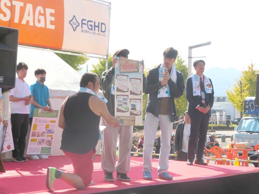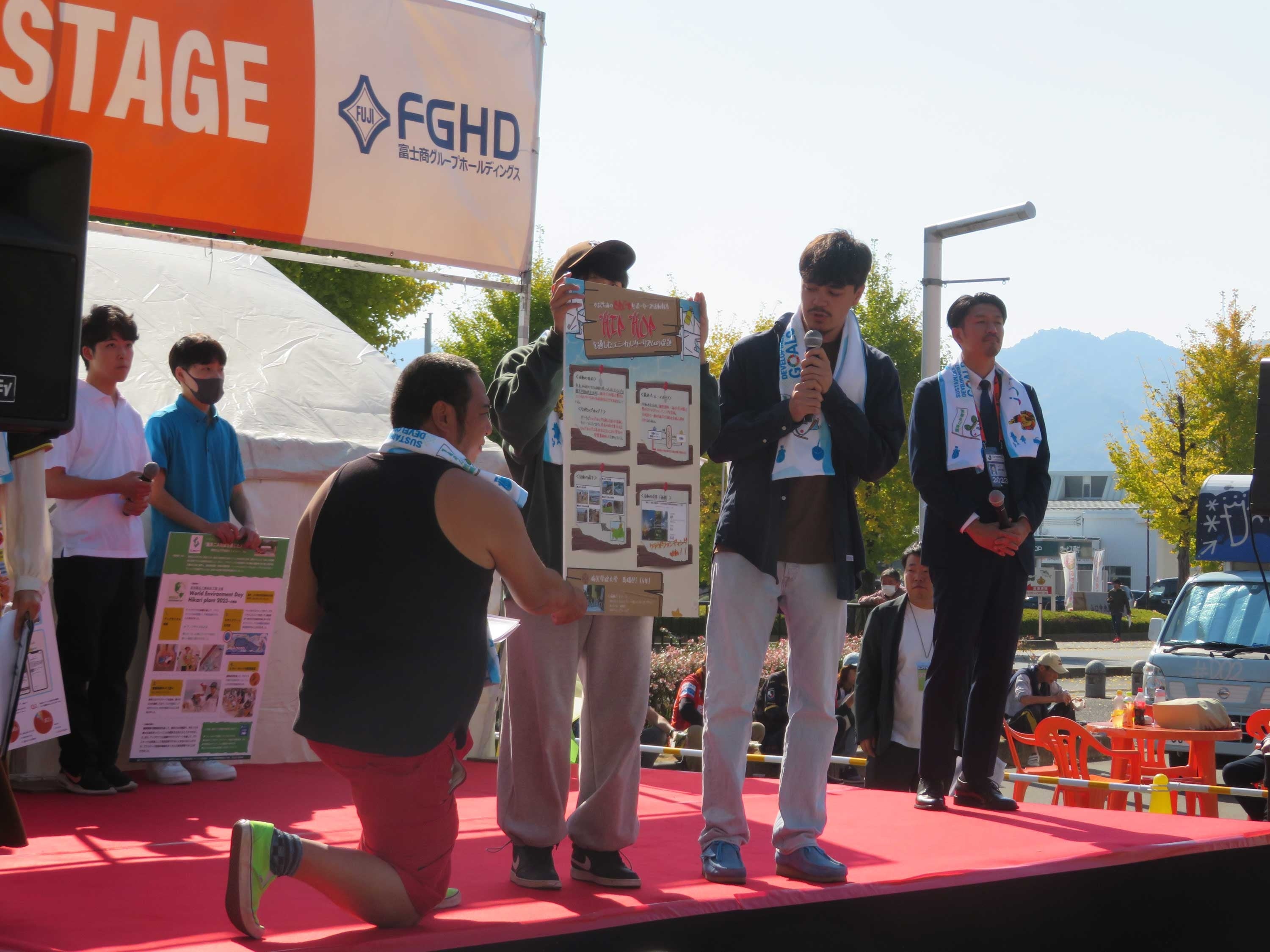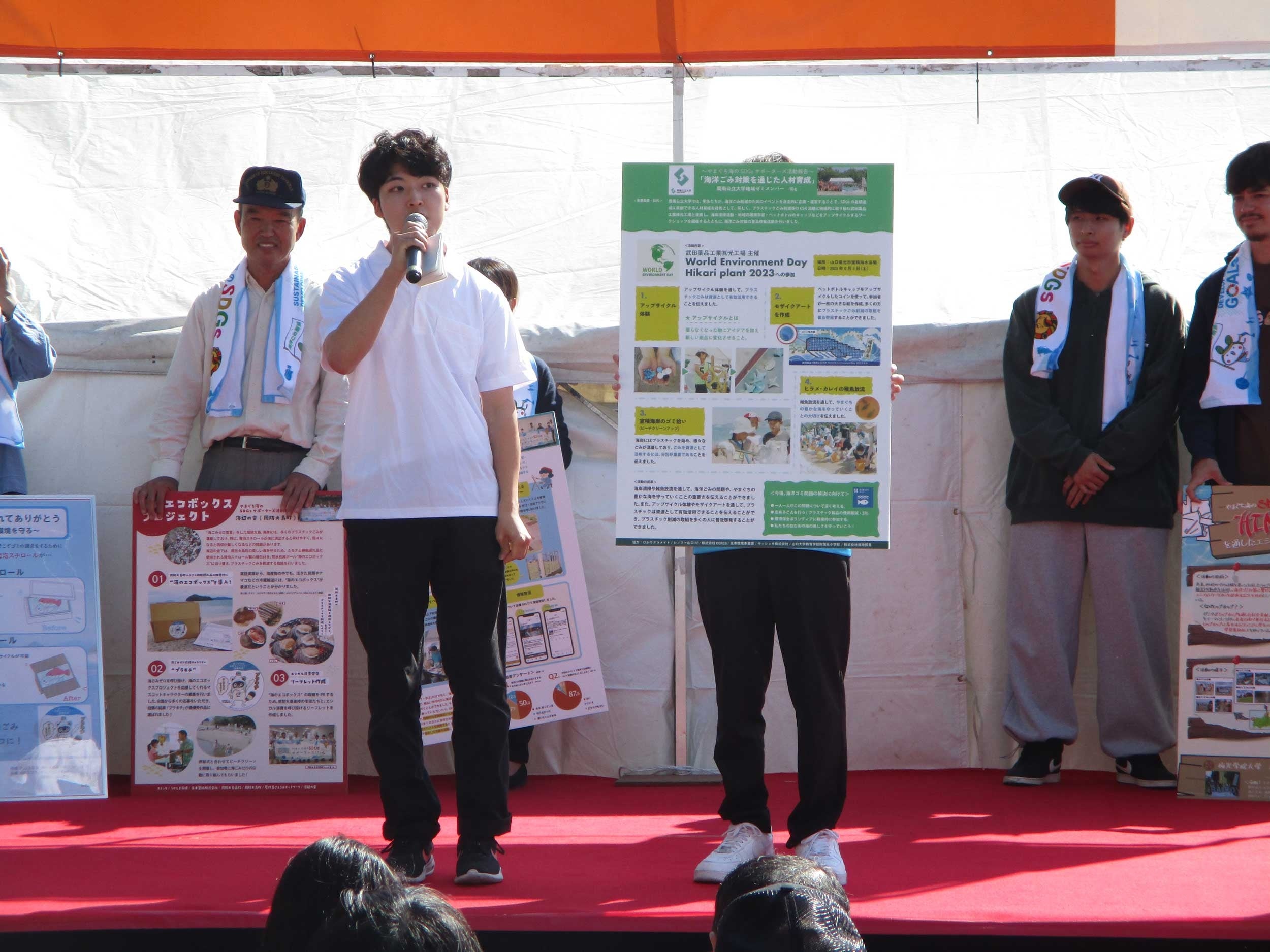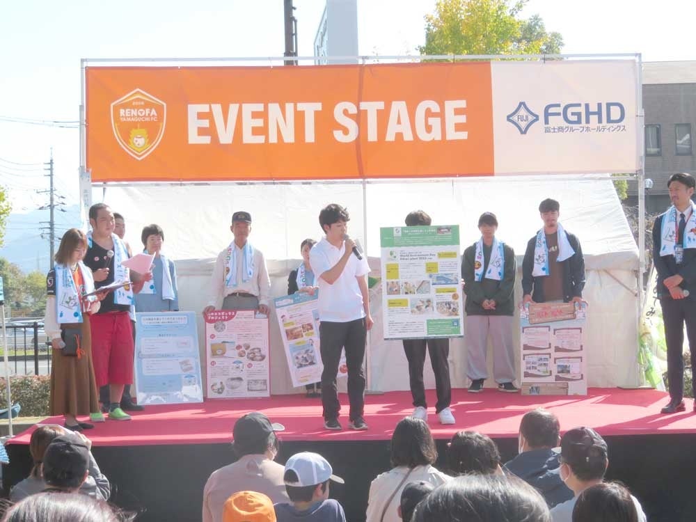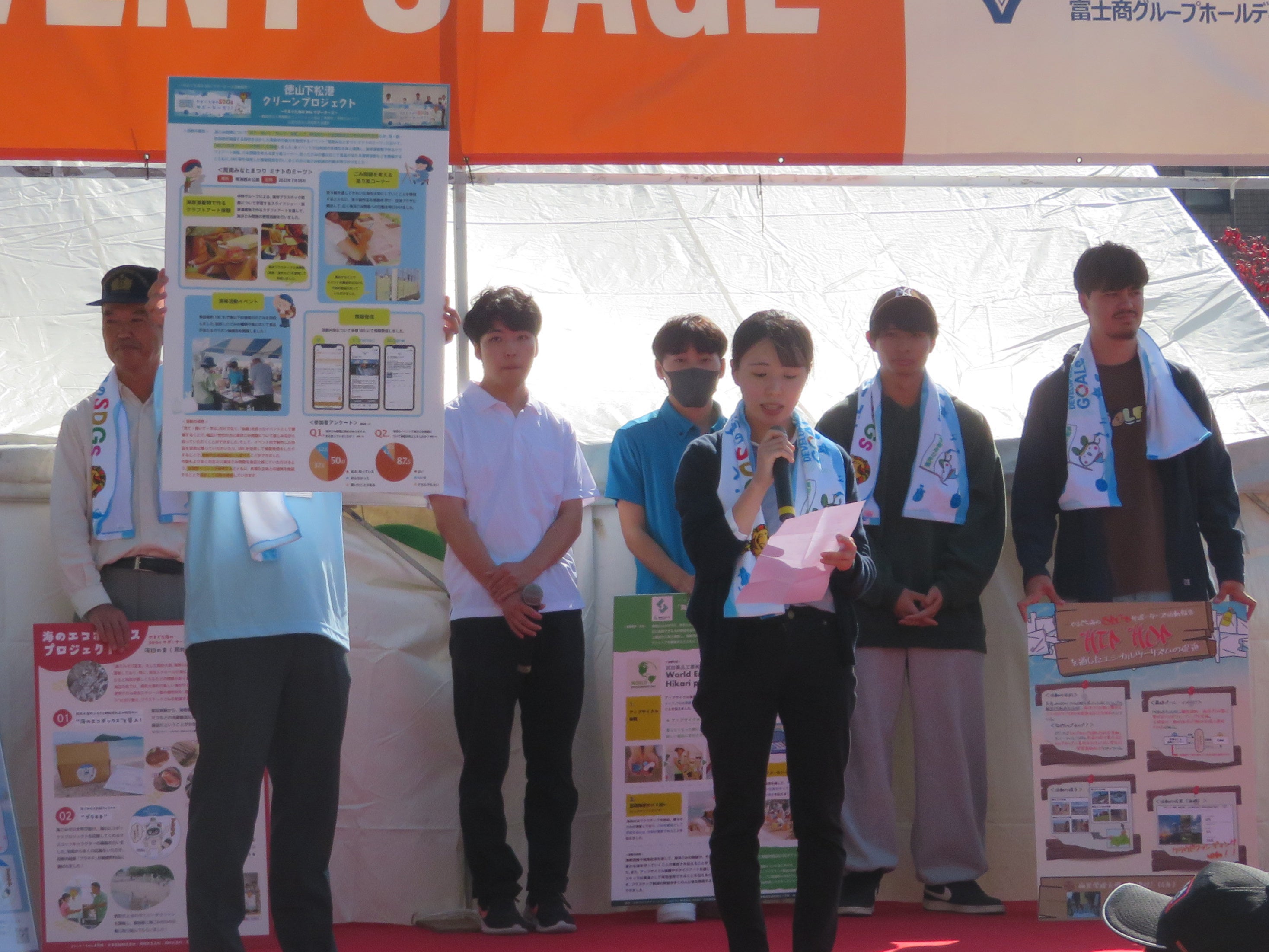 スタジアムの場外 イベント広場に設置された特設ステージにおいて、やまぐち海の SDGsサポーターズが、やまぐちの海や各地域 でこれまでに取り組んだ海洋ごみ対策などの成果を報告しました。
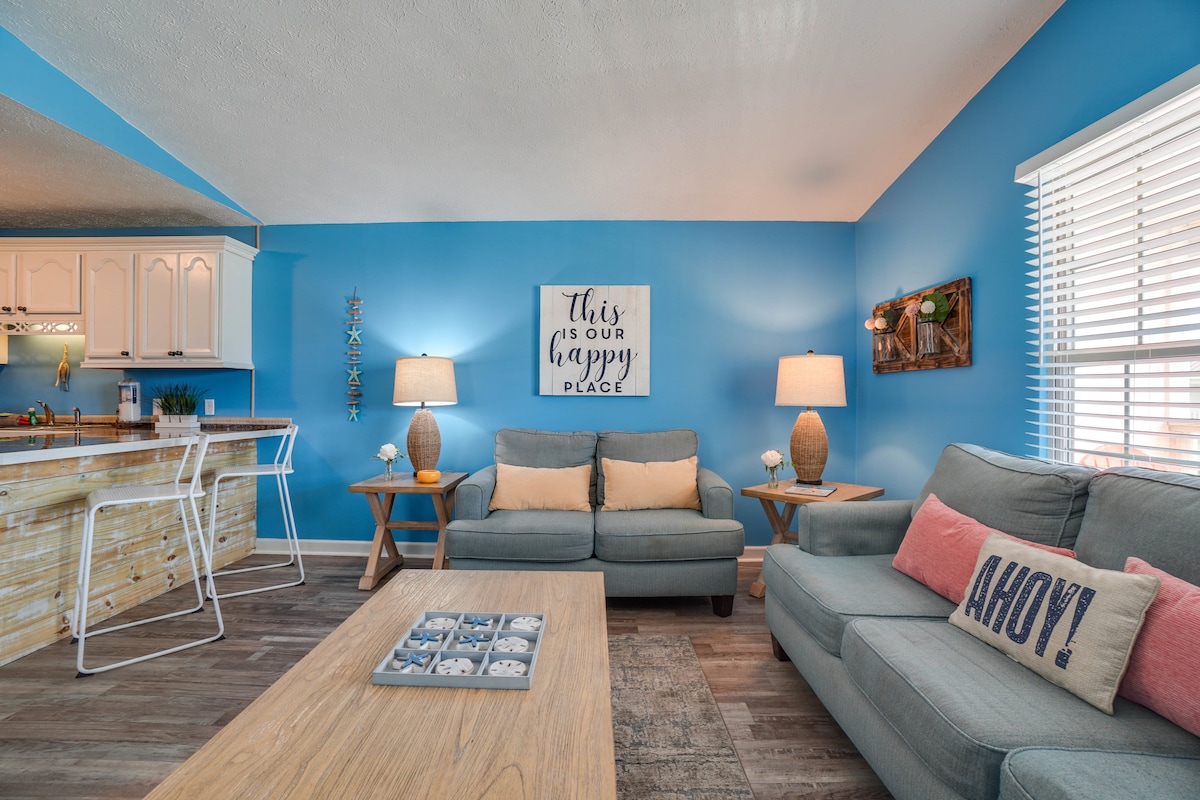 Enjoy a relaxing and refreshed condo in a quiet resort only a 4 minute walk to the beach. No high rise or elevators to deal with. A quiet corner condo with your own private balcony up one flight of stairs. The resort offers 4 swimming pools (one heated pool), hot tub, mini golf, tennis courts, basketball court, fitness room, pool table, & shuffleboard. Only 2.5 miles from Pier Park for tons of shopping, dining, and fishing.
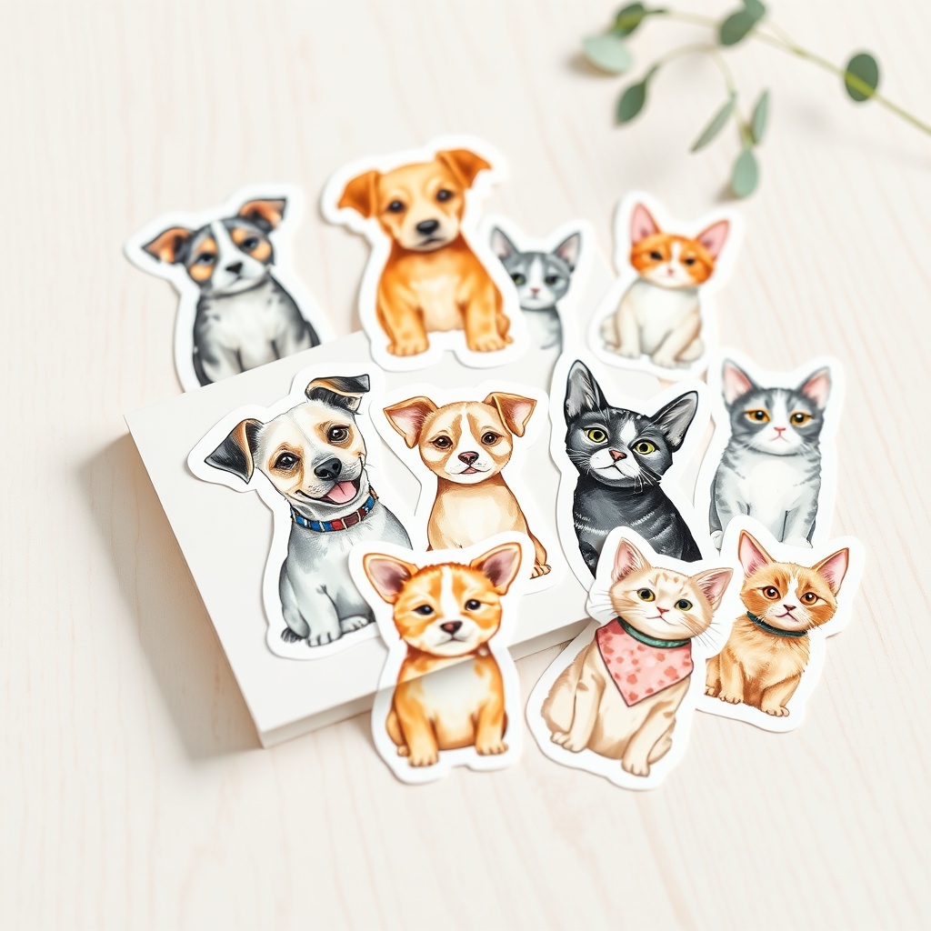 Pack de pegatinas personalizadas con el retrato artístico de tu mascota. Impermeables y duraderas.
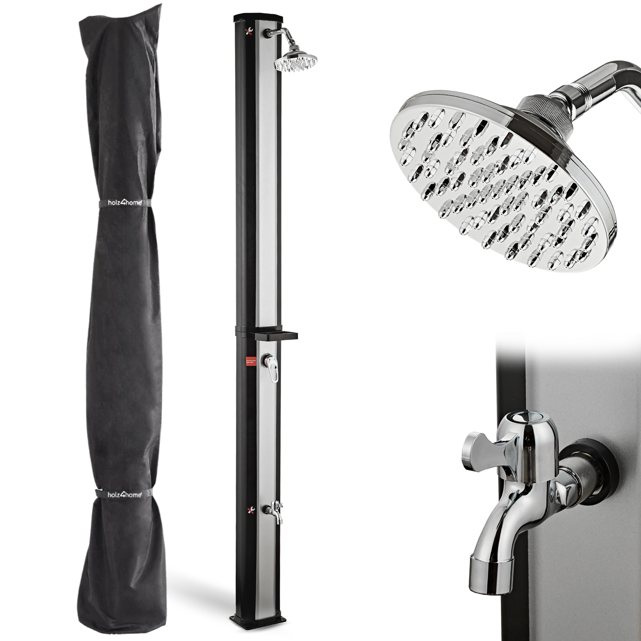 Unsere Solardusche bietet Ihnen eine perfekte Lösung für erfrischende Duschen im Garten oder am Pool. Sie können zwischen einem Volumen von 35 oder 40 Litern wählen, um längere Duschsessions zu genießen. Der schwenkbare Duschkopf ermöglicht eine flexible Ausrichtung, während der integrierte Temperaturregler Ihnen erlaubt, die Wassertemperatur nach Ihren Wünschen einzustellen. Zusätzlich sorgen die praktische Seifenablage und die integrierte Fußdusche für zusätzlichen Komfort und Bequemlichkeit beim Duschen im Freien.
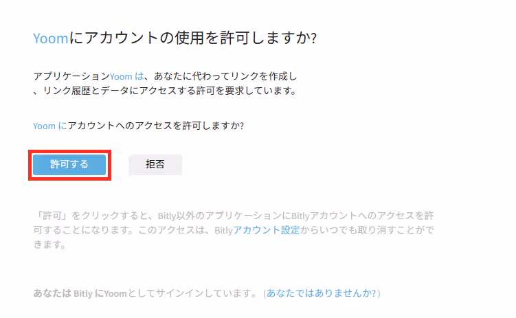 Bitlyと連携するアカウントに間違いがないかを確認し、「次へ」をクリックしましょう。
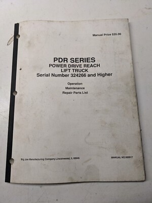 Big Joe Lift Truck Operating Maintenance Parts List Manual Pdr Series Pdr0491
--------
▶ TASK INSTRUCTIONS: Reproduce the lines above exactly, image-free.

▶ SOLUTION FOR THIS TASK:
 スタジアムの場外 イベント広場に設置された特設ステージにおいて、やまぐち海の SDGsサポーターズが、やまぐちの海や各地域 でこれまでに取り組んだ海洋ごみ対策などの成果を報告しました。
 Enjoy a relaxing and refreshed condo in a quiet resort only a 4 minute walk to the beach. No high rise or elevators to deal with. A quiet corner condo with your own private balcony up one flight of stairs. The resort offers 4 swimming pools (one heated pool), hot tub, mini golf, tennis courts, basketball court, fitness room, pool table, & shuffleboard. Only 2.5 miles from Pier Park for tons of shopping, dining, and fishing.
 Pack de pegatinas personalizadas con el retrato artístico de tu mascota. Impermeables y duraderas.
 Unsere Solardusche bietet Ihnen eine perfekte Lösung für erfrischende Duschen im Garten oder am Pool. Sie können zwischen einem Volumen von 35 oder 40 Litern wählen, um längere Duschsessions zu genießen. Der schwenkbare Duschkopf ermöglicht eine flexible Ausrichtung, während der integrierte Temperaturregler Ihnen erlaubt, die Wassertemperatur nach Ihren Wünschen einzustellen. Zusätzlich sorgen die praktische Seifenablage und die integrierte Fußdusche für zusätzlichen Komfort und Bequemlichkeit beim Duschen im Freien.
 Bitlyと連携するアカウントに間違いがないかを確認し、「次へ」をクリックしましょう。
 Big Joe Lift Truck Operating Maintenance Parts List Manual Pdr Series Pdr0491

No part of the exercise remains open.